== Segment start ==

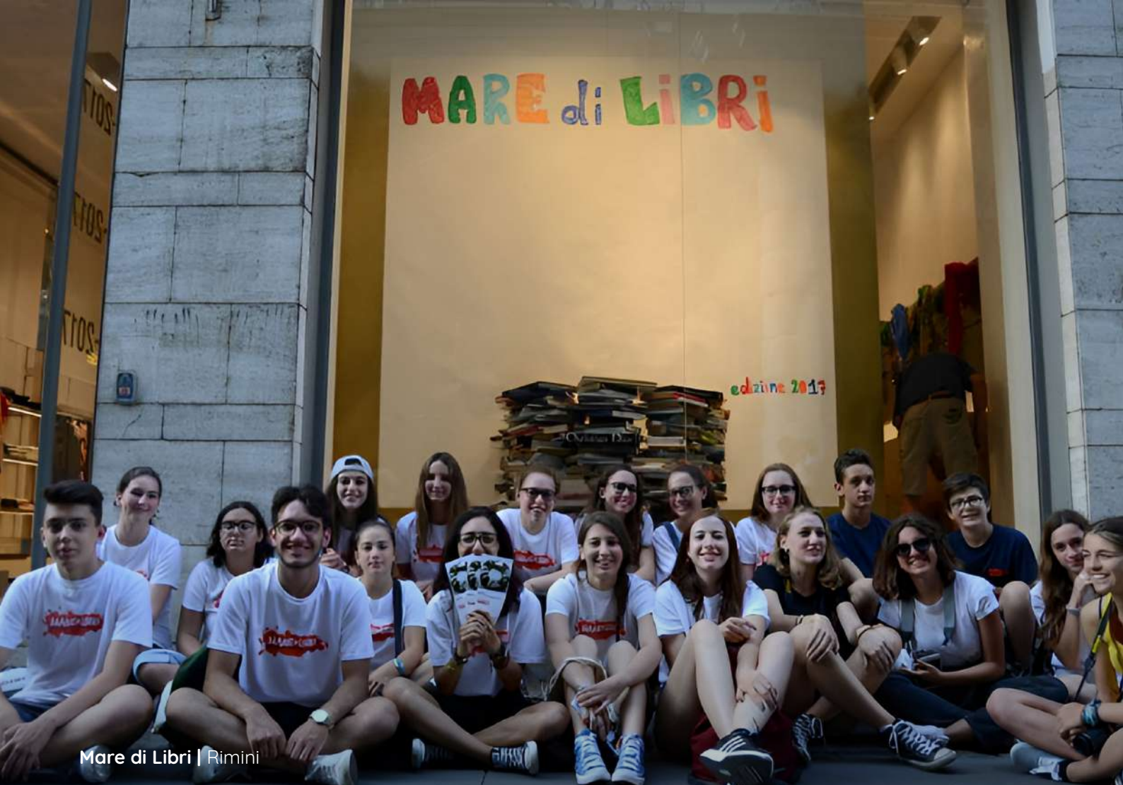
Mare di Libri | Rimini
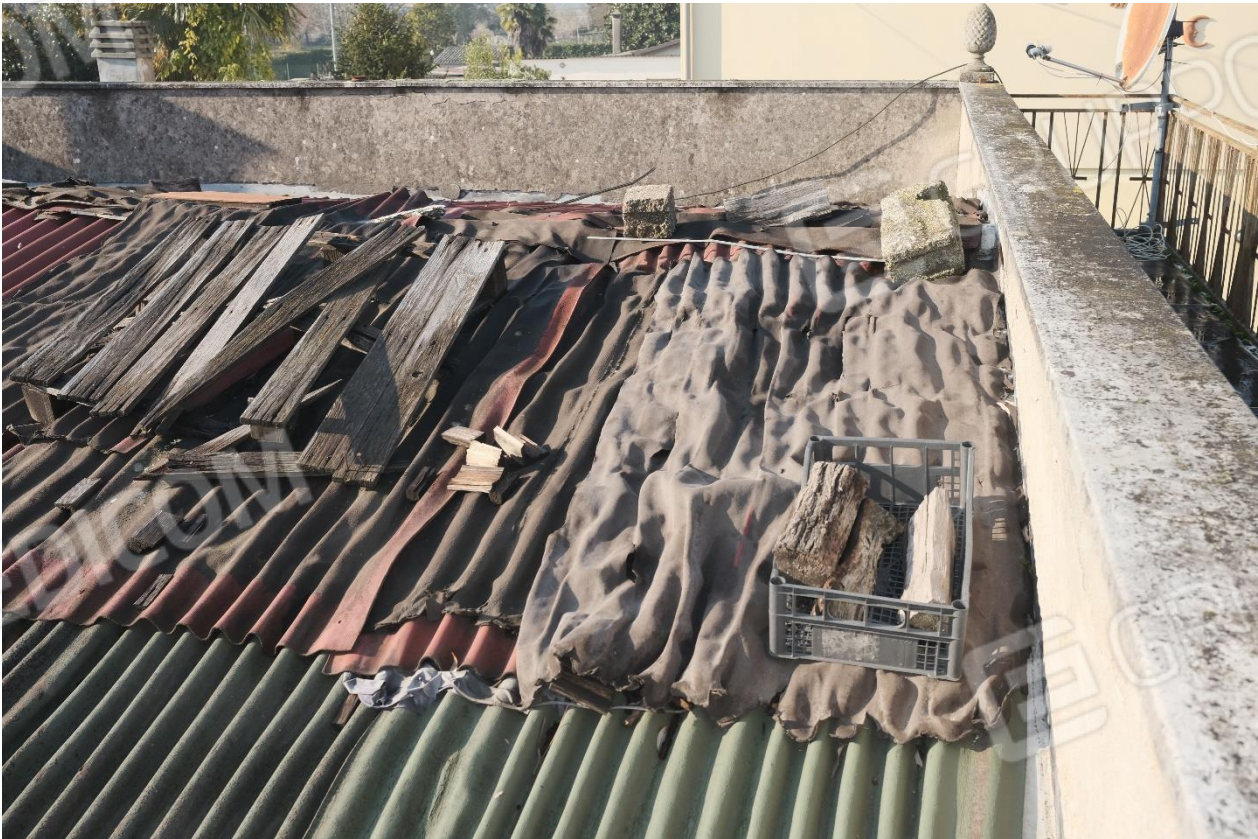
Figura 10 Particolate tetto cantina fronte strada (ex negozio)
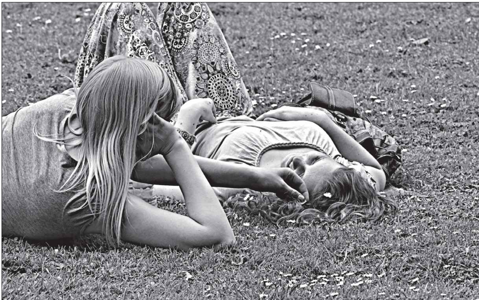
Немецкий Билефельд, побратим Великого Новгорода. Городские лужайки, усыпанные мелкими дикими маргаритками, здесь не редкость. Кстати, ходить по траве или отдыхать на ней здесь не запрещают: правильный уход за газоном делает его неуязвимым для таких скромных нагрузок
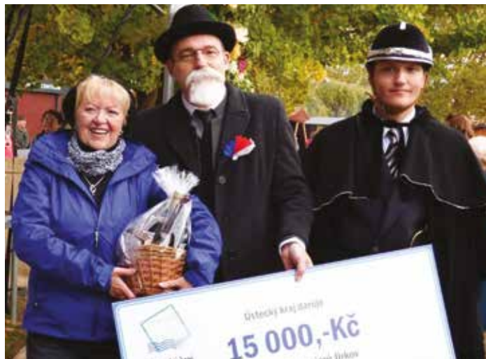
Nejaktivnějším klubem seniorů byl vloni vyhlášen ten z Jirkova.
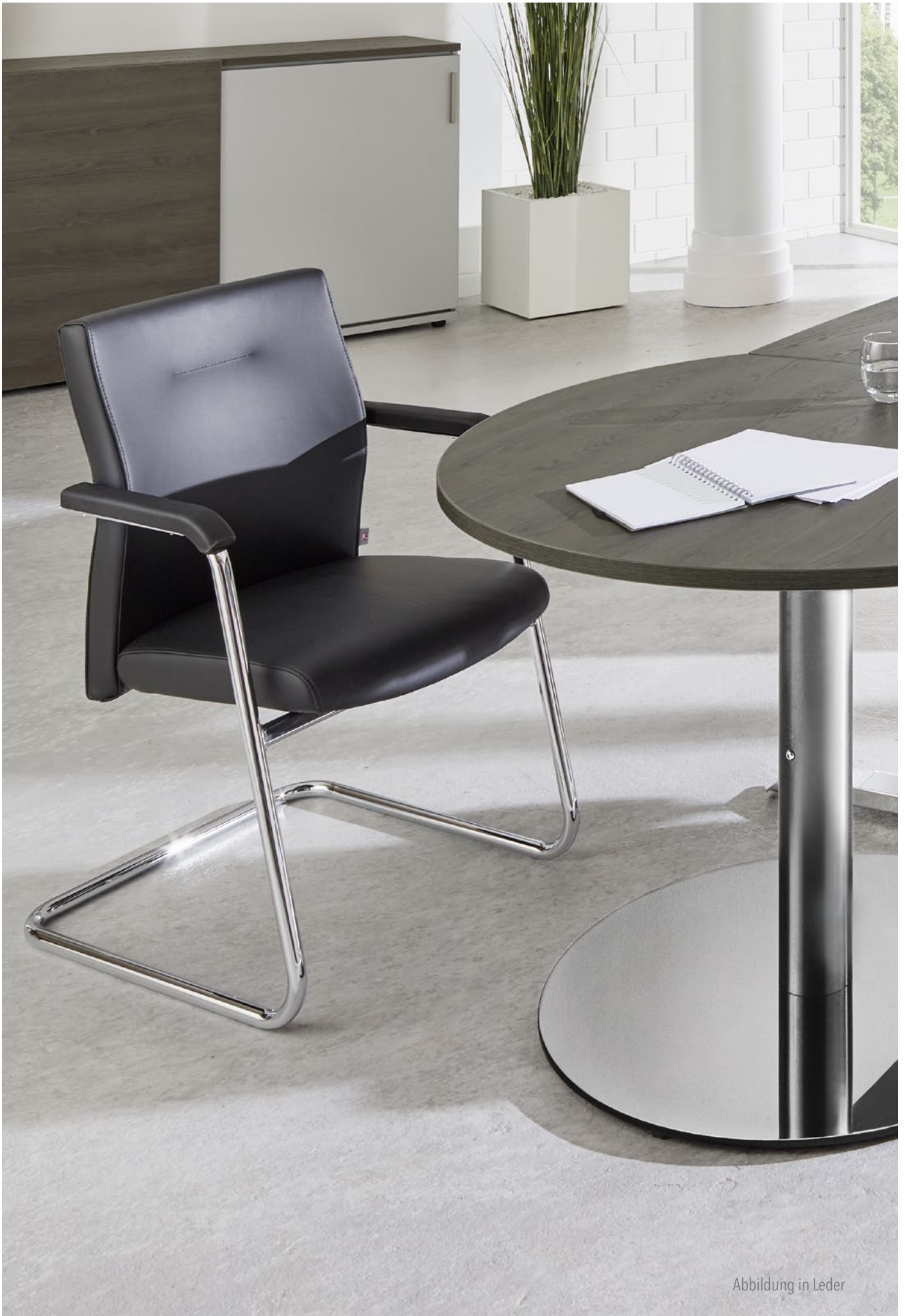
Abbildung in Leder
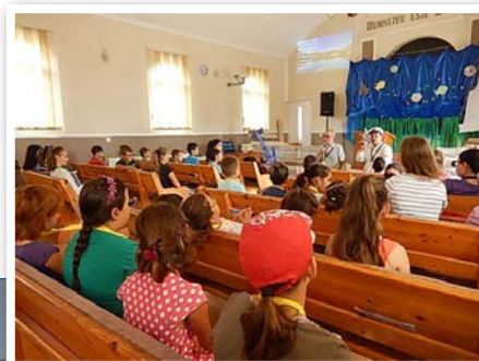
Pyssel, bibeltimma var några av aktiviteterna.

Idag är situationen en helt annan, flera av de som en gång lämnade, har kommit tillbaka. Nya människor har lagts till församlingen.
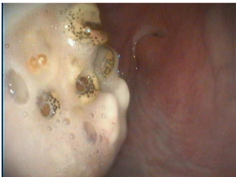
Obrázek 4 - Endoskopický snímek pravého ventrální nosního průchodu alpaky napadeného larvami střečka ovčího (Punsmann et al. 2018).

Dospělci střečků rodu Cephenomyia jsou nepatrně větší než střečka ovčího. Larvy mají 3 stádia a dostávají se až do nosohltanu (Samuel et al. 2000; Wernery & Kaaden 2002; Fowler & Bravo 2010). Podle Fowlera & Bravo jsou primárními hostiteli sudokopytníci čeledi jelenovití. I když jsou známy případy přenosu na lamy, není zatím známo, zda zde jsou schopni dokončit svůj životní cyklus (2010). Napadená zvířata mají velmi nápadné projevy. Může docházet až k otoku postižené oblasti, dále k pokašlávání a kýčání (Wernery & Kaaden 2002; Fowler & Bravo 2010).
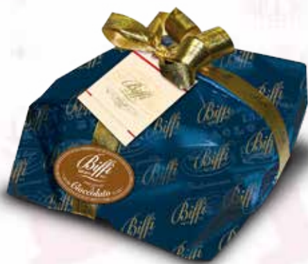
Gocce di Cioccolato Fondente
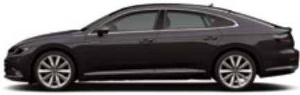
Manganese Gray Metallic

== Segment end ==

Skipping the images, write out the whole listing exactly.

Mare di Libri | Rimini
Figura 10 Particolate tetto cantina fronte strada (ex negozio)
Немецкий Билефельд, побратим Великого Новгорода. Городские лужайки, усыпанные мелкими дикими маргаритками, здесь не редкость. Кстати, ходить по траве или отдыхать на ней здесь не запрещают: правильный уход за газоном делает его неуязвимым для таких скромных нагрузок
Nejaktivnějším klubem seniorů byl vloni vyhlášen ten z Jirkova.
Abbildung in Leder
Pyssel, bibeltimma var några av aktiviteterna.

Idag är situationen en helt annan, flera av de som en gång lämnade, har kommit tillbaka. Nya människor har lagts till församlingen.
Obrázek 4 - Endoskopický snímek pravého ventrální nosního průchodu alpaky napadeného larvami střečka ovčího (Punsmann et al. 2018).

Dospělci střečků rodu Cephenomyia jsou nepatrně větší než střečka ovčího. Larvy mají 3 stádia a dostávají se až do nosohltanu (Samuel et al. 2000; Wernery & Kaaden 2002; Fowler & Bravo 2010). Podle Fowlera & Bravo jsou primárními hostiteli sudokopytníci čeledi jelenovití. I když jsou známy případy přenosu na lamy, není zatím známo, zda zde jsou schopni dokončit svůj životní cyklus (2010). Napadená zvířata mají velmi nápadné projevy. Může docházet až k otoku postižené oblasti, dále k pokašlávání a kýčání (Wernery & Kaaden 2002; Fowler & Bravo 2010).
Gocce di Cioccolato Fondente
Manganese Gray Metallic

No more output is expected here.